The number of solutions that satisfy all of those inequalities is |S| - those which fail at least one; |AnBnCnD| = |S| - |S\A u S\B u S\C u S\D|
You can use inclusion-exclusion principle on |S\A u S\B u S\C u S\D| because the intersections are small and often empty (for example, (S\A)n(S\C) requires both a>13 and c>25 but then a+b+c+d>38 which is not possible).
So mainly you need to know |S\A| etc and the condition a>=14 can be reduced to a+b+c+d=23, with a,b,c,d>=0.
Side note: + Show Spoiler +On September 24 2018 05:24 Simberto wrote: 4 dimensional space with integers as elements in each dimension. An element might look like this
(1,4,291,11)
So basically, you have a set out of sets of 4 numbers.
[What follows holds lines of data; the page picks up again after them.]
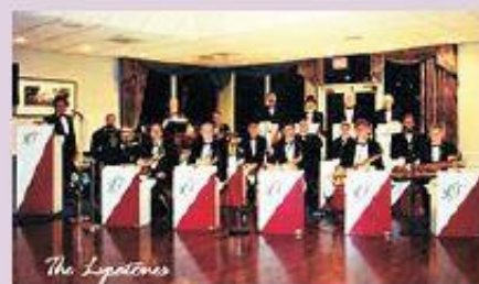
The Lyratones August 21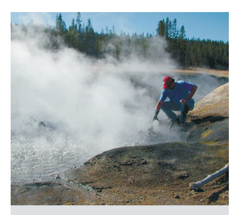
Scientist bioprospecting for microbes at Yellowstone National Park.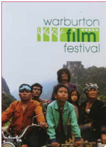
A feast of films to enjoy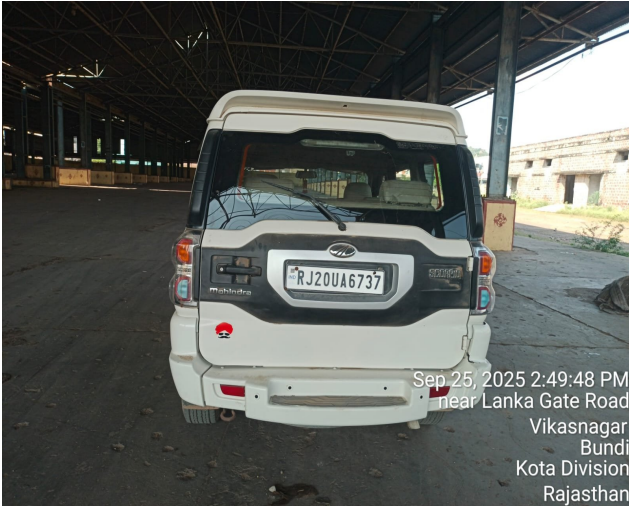
Sep 25, 2025 2:49:48 PM near Lanka Gate Road Vikasnagar Bundi Kota Division Rajasthan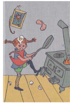
PANNKAKSKAOS 6C, P2 Towel 40x60 cm 100% cotton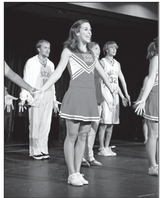
The audience got a preview of High School Musical .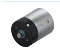
Series RBPS Clamping and braking element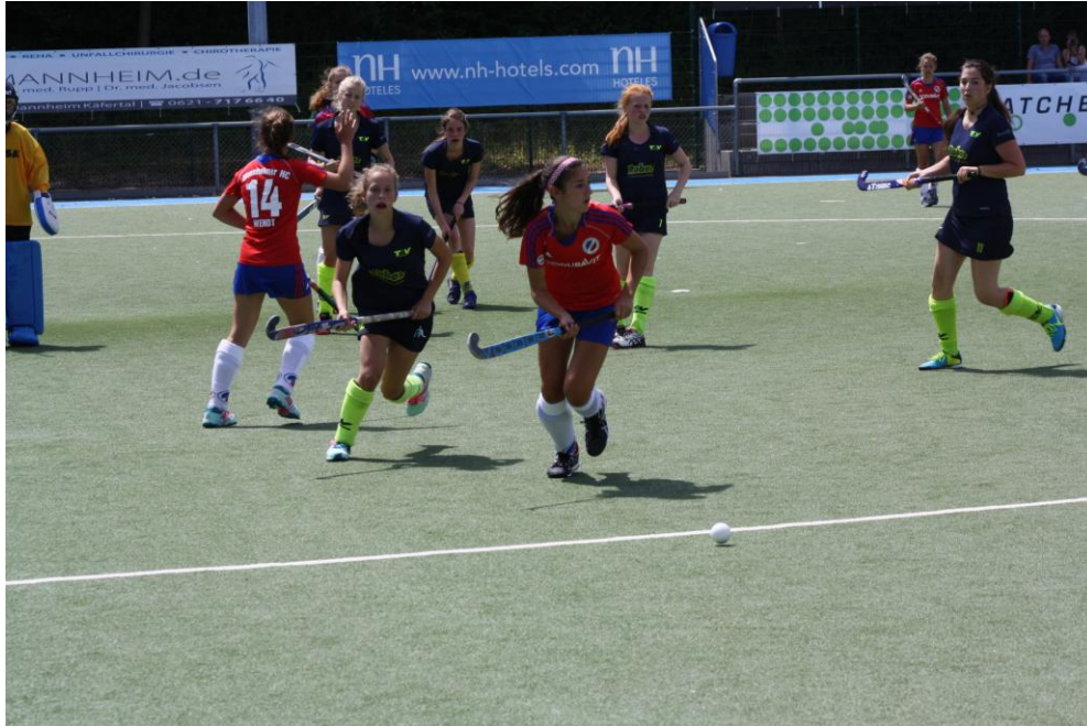
HTC player competing for Mannheim U16 A Club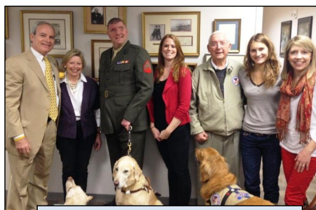
Paws for Patriots visiting the Rumsfeld Foundation in November 2012

This year funding was distributed among 36 organizations, all working to provide our troops, veterans, and their families with important support and services. The activities of these organizations range from fulfilling needs identified by troops on the ground and funding transportation for families to visit during a service member's hospitalization, to providing mentorship and career development counseling to veterans as well as funding educational grants for military children and spouses.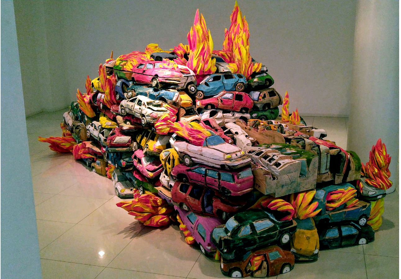
3Punts Kiko Miyares Autorun Polychrome Wood 200 x 500 x 230 cm 2020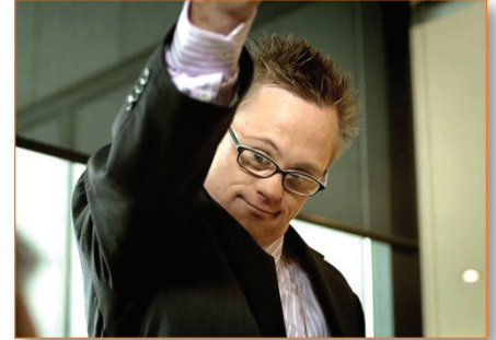
"The Interviewer" is a contender for inclusion in this year's Film Festival offerings.

Please join The Arc New London County at the Mashantucket Pequot Museum and Research Center for an entertaining and inspiring evening of award-winning short films about people with IDD. Enjoy an evening of culture and fine food provided by MPMRC Catering along with a quality silent and basket auction.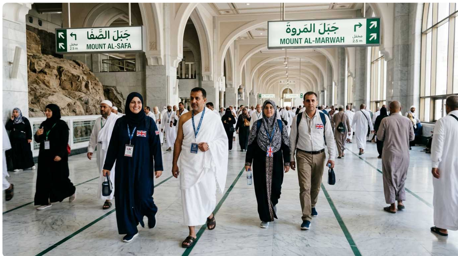
dua for sai between safa and marwah umrah corridor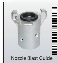
Nozzle Blast Guide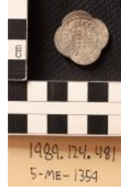
Metal Token. The Tibbs Cigar Co. Grand Junction Colo. (1989.124.481)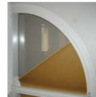
Try shade to insure fingers are properly engaged in shade carrier.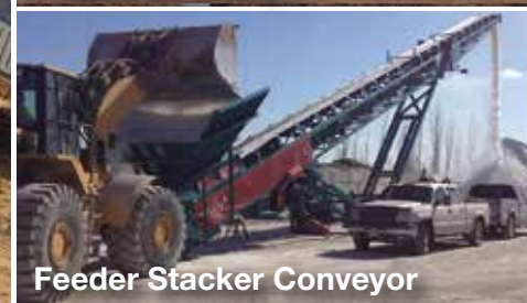
Feeder Stacker Conveyor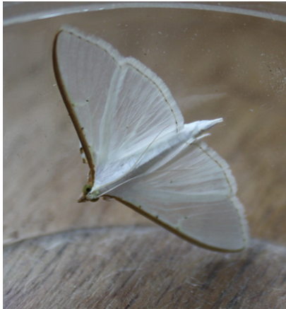
Palpita vitrealis

This report starts with two species new to Orkney: Palpita vitrealis and Spruce Carpet Thera britannica . These are followed by Other Sightings of Interest; this is only a small selection from the total of 248 species recorded in 2013, 248 being almost half the 499 species on the Orkney list.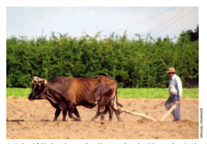
Agricultural fields along the route from Havana to Guanahacabibes are plowed with teams of oxen.

mon and appeared to serve as local buses. From my perspective of excessive abundance, Cuba is poor, but the poverty has a different face — no signs of malnutrition, and everyone has clean and well-kept clothes. Above all, absolutely no trash litters the roadsides or towns.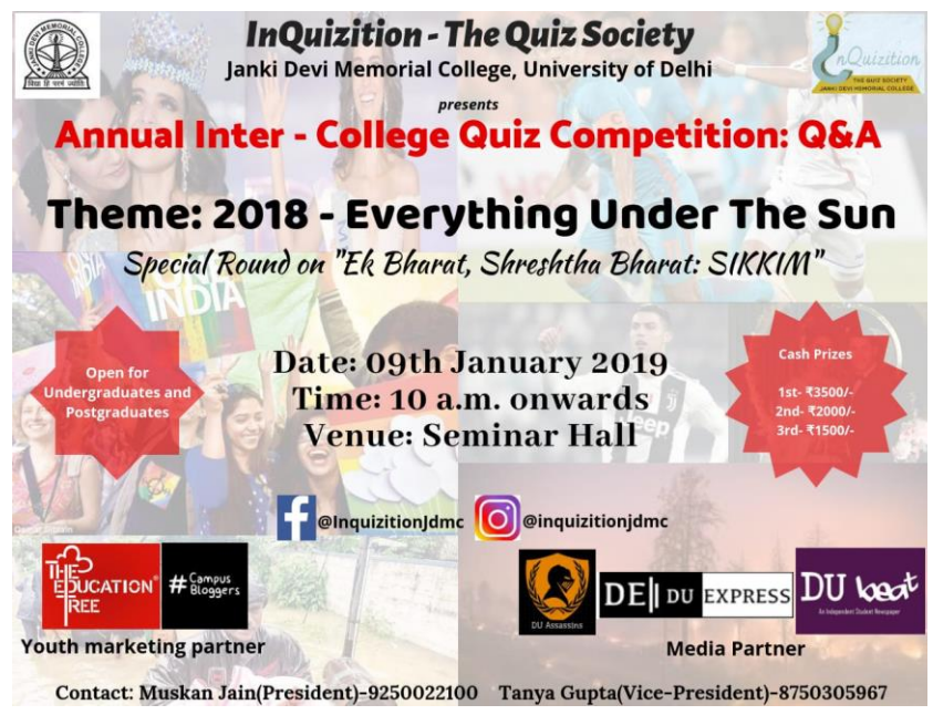
Poster for Q&A 2019

Media Link: <a href="https://www.instagram.com/p/BsfsrWYnqaM/?utm_medium=copy_link">https://www.instagram.com/p/BsfsrWYnqaM/?utm_medium=copy_link</a>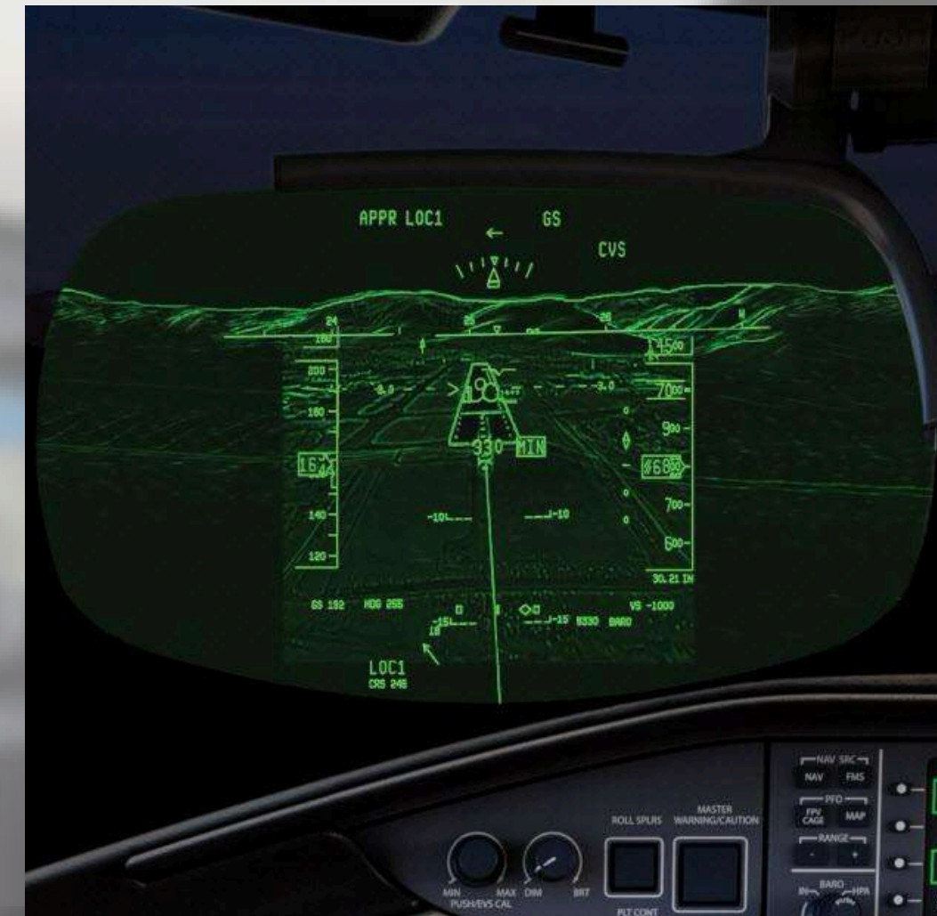
PILOT'S HUD SYSTEM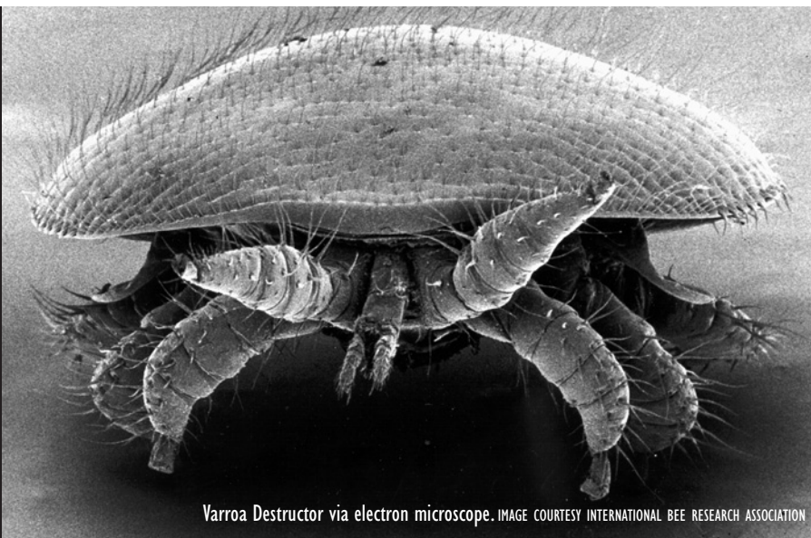
Varroa Destructor via electron microscope.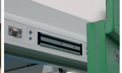
lock and plate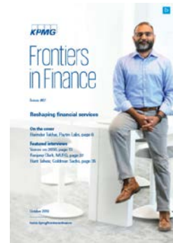
Frontiers in Finance – October 2019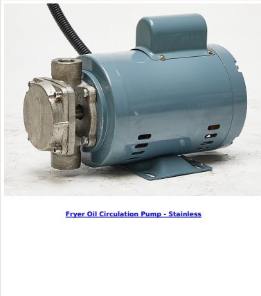
Fryer Oil Circulation Pump - Stainless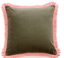
IRIS DRY GREEN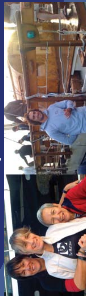
Pictures taken at the farewell of Te Waka Hourua when the waka set sail across the Pacific Ocean 2011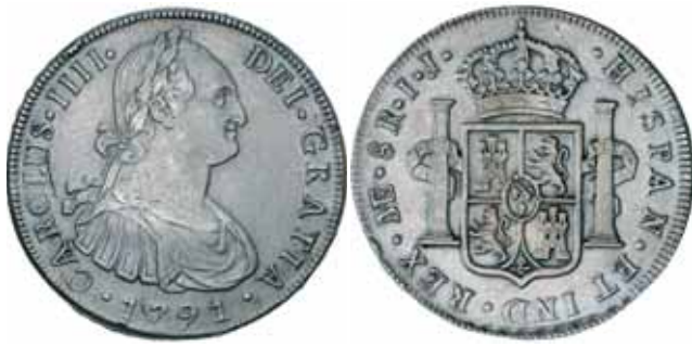
1625* Peru , Charles III, eight reales, 1791IJ, Lima Mint (KM.97). Hairlines and cut under OLU of CAROLUS, otherwise very fine.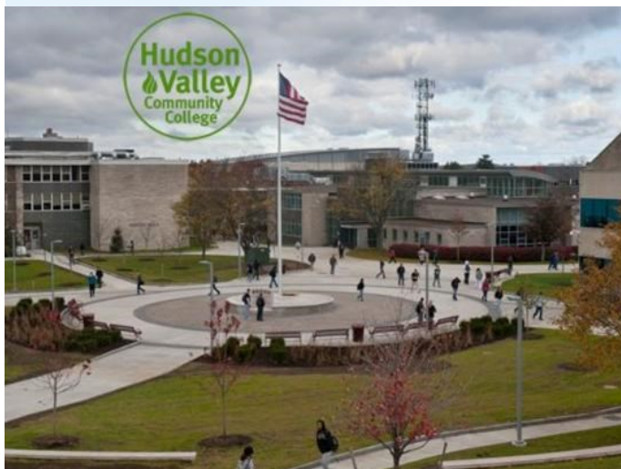
Hudson Valley Community College Main Campus 80 Vanderburgh Avenue Troy NY 12180

The hand outs and practice tests will be mailed to the address you enter into the PayPal site and should arrive within a week of registration.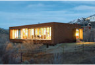
Modern Homes Throughout the Southwest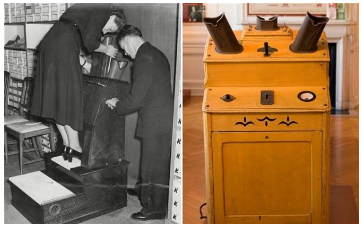
The X-Ray machine known as a fluoroscope used to measure shoe sizes.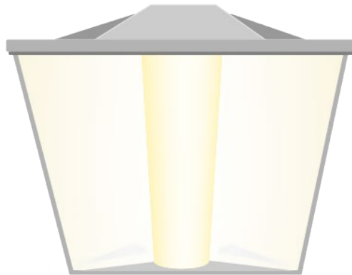
Figure 3: Isometric view of a troffer with a luminous basket and luminous panels on each side. The luminous shape would be represented by a 2D luminous rectangle because a complex shape is not permissible in LM-63.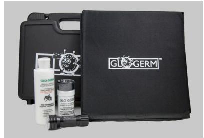
Kit pictured with Gel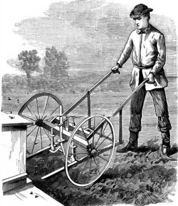
THOMPSON'S BEEHIVE TRUCK

The engraving shows a very compact, convenient, and handy truck or hand cart, designed specially for the trans-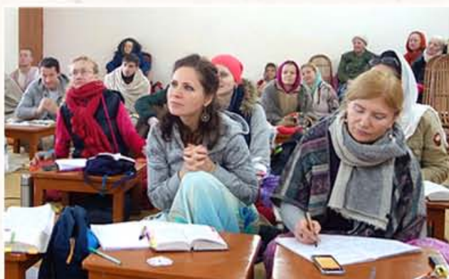
Russian-speaking students in rapt attention

Russian Bhakti-śāstrī students feel honored and excited to be part of the first batch of this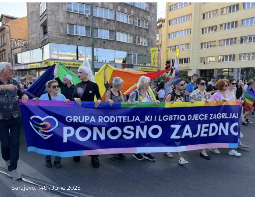
Sarajevo, 14th June 2025

Participants emphasised that “Sarajevo is a free city” and that it “belongs to Europe once again”, but also pointed out that the legal framework in Bosnia and Herzegovina still does not recognise the rights of the LGBTIQ+ community – particularly regarding the possibility of marriage and adoption for same-sex couples.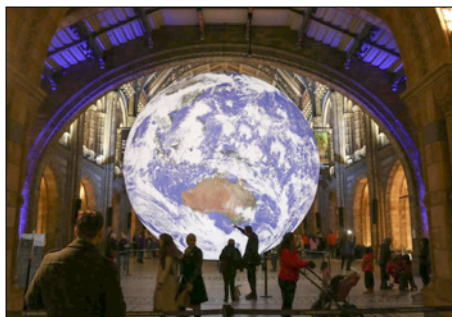
The Gaia installation in London's Natural History Museum. See more at https://my-earth.org/about .

The Treasuring Creation Festival focuses on appreciating and caring for our planet. Events include an art exhibition featuring details from the Abbey's stained glass windows and diptychs from the Abbey's collection, with a short commentary shining a light on treasuring the Earth from a Christian perspective; tours of the Abbey; activities and trails for schools and families; workshops; and Extraordinary Earth Day on Saturday 30 September, 10am–5pm. This is a day for all to see what's going on locally to help combat climate change and support the city in living more sustainably. Details of the festival and booking info as relevant at www.bathabbey.org/gaia .

I don't know if this actually makes the thing easier to solve though.
Edit to your edit:
I was suggesting finding all a, b, c, d with a+b+c+d = 40 (or rather the amount of such things)
And the amount of abcd which satisfies the second set of inequalities
And the amount of stuff in the union of those sets.
Then you can use inclusion exclusion to find the amount of stuff in the intersection of those sets. This is an aside, but why do you call N^4 a space? It is not a vector space (because there are no additive inverses) and it is not interesting as a topological space unless you give it a weird topology, and there is no obvious metric to make it a metric space, and even if you do give it a topology I don't see how that would in any way help. This also means that 'dimension' is not well-defined. I don't find it helpful here to talk about spaces or dimension.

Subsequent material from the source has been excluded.